Man, recession is a tough bitch. She's biased and shows no mercy. I've seen the worst of it, I've had my fair share of struggle. And I'm not just talking about struggling to live comfortably, but about struggling to pay bills and keep the electricity on and feed my little brother. I lived with that burden for a year and I think I may have to do it again. My mom wants to move the fams into a cozy apartment in Santa Ana, to save money. The problem is, I don't do cozy. And I don't do Santa Ana. Neither does my little brother.

Moving out wasn't the issue, it wasn't even a question. I was excited about the concept. And being a planner, I got more excited when I slowly realized that I could make it work, completely on my own. Fck, I've been paying so many bills around here that it pretty much adds up to the rent of a cute studio apartment anyway. Except this time it would be MINE. My furniture, my extravagantly painted walls, my dishes, my rug, my pictures lining the walls ceiling to floor.

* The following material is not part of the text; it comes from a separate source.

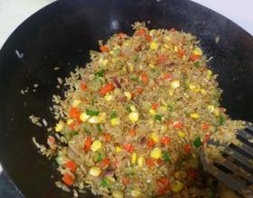 最后加入之前的配料,炒至干身,一定要粒粒饭都要分开的,上碟即可

Call me selfish, but it would be nice to actually pay rent and utilities for something that was completely my own. I was more than excited. I was drooling.

But alas, there's always a catch. Where would little brother go?

I remember my 8th grade graduation. I remember how hard I cried at graduation, knowing that I was moving out of L.A. and into some God-forsaken city. Bellflower. wtf. None of my friends even knew where the fuck that was. I had to leave this lustrous city, full of characters and culture and life and move into the suburbs? Fuck that. I started thinking about how my brother would have to go to a new school for his senior year and how shitty that would be for him to have to start over and make new friends. And he's most likely going to CSULB when he graduates so imagine the commute. Sheeesh.

In the end I guess it wasn't much of a decision. It's obvious that I'll have to take little bro under my wing again, but I don't mind. He's a good kid and he's older now than the last time I had to take care of him so it should be easier if anything. And he so badly wants to get a job so I know he won't turn into some 25 year old freeloading pothead in the future hahaha.

Anyway, I'm rambling again so I guess just set your calenders for
JUNE 2011. Come over to the LBC, spark a blunt and chill in MY beautiful apartment. Life's about to be sooooo good.